# Cannot install MySQL Server 5.5



## D. Strout (Jun 17, 2013)

I just reinstalled a VPS of mine (RamNode) and am trying to set up a LAMP stack. The server is running Ubuntu 12.10, so I ran


apt-get install apache2 php5 php5-curl php5-mcrypt php5-mysql mysql-client mysql-server
It retrieved the packages, then in "preconfiguring packages" the installer asked me for a new MySQL root PW. The first time I tried, the password had non-alphanumeric characters. I entered it and pressed enter for OK. The packages unpacked fine, then when it got to "setting up" the various packages, the process stopped, saying it could not set the new password, and I'd have to set the password after install. I figured it must be the different characters. Fine, I pressed enter for OK again. However, the install was frozen. It wouldn't proceed past this:


Setting up mysql-server-5.5 (5.5.31-0ubuntu0.12.10.1) ...
Ugh. I closed the SSH session and reinstalled the server again. I tried installing the LAMP stack again (same command), then when asked for a password entered an alphanumeric password.
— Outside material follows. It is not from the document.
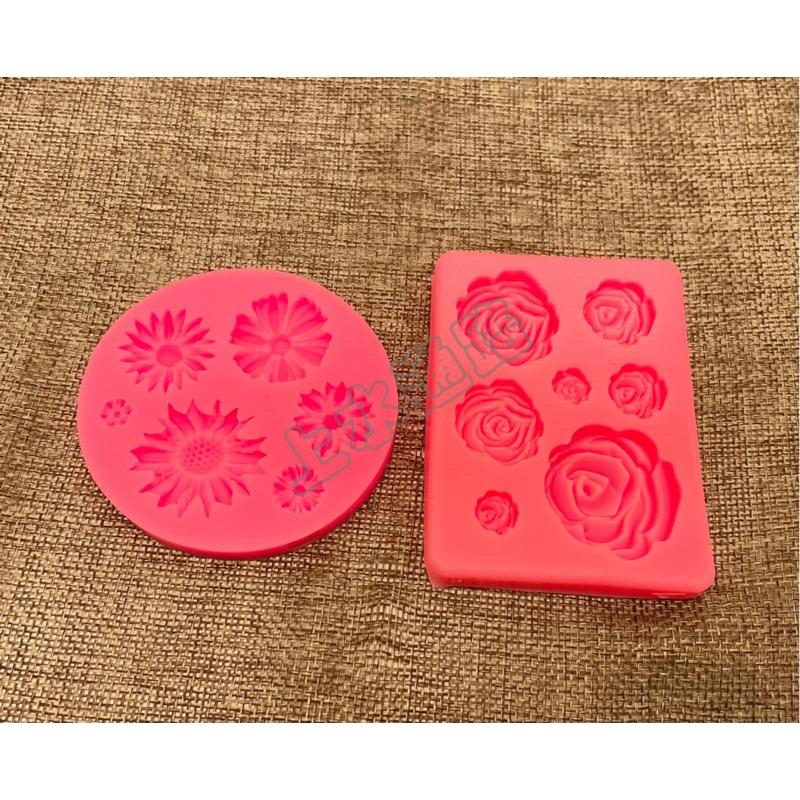 7連玫瑰、6孔太陽花矽膠模具翻糖模具 矽膠模巧克力模型手工皂模 餅乾模具蛋糕模具花邊裝飾太陽花造型矽膠模具翻糖模食玩配件

The exact same issue happened. When trying to set up the server, it could not set the password and froze after trying. Now what?


----------



## vanarp (Jun 17, 2013)

Can you try to use Minstall or TuxLite and see if that goes through?


----------



## wlanboy (Jun 17, 2013)

That is a bug in the MySQL setup skript. You have to use a empty password during installation because it is not stored correctly.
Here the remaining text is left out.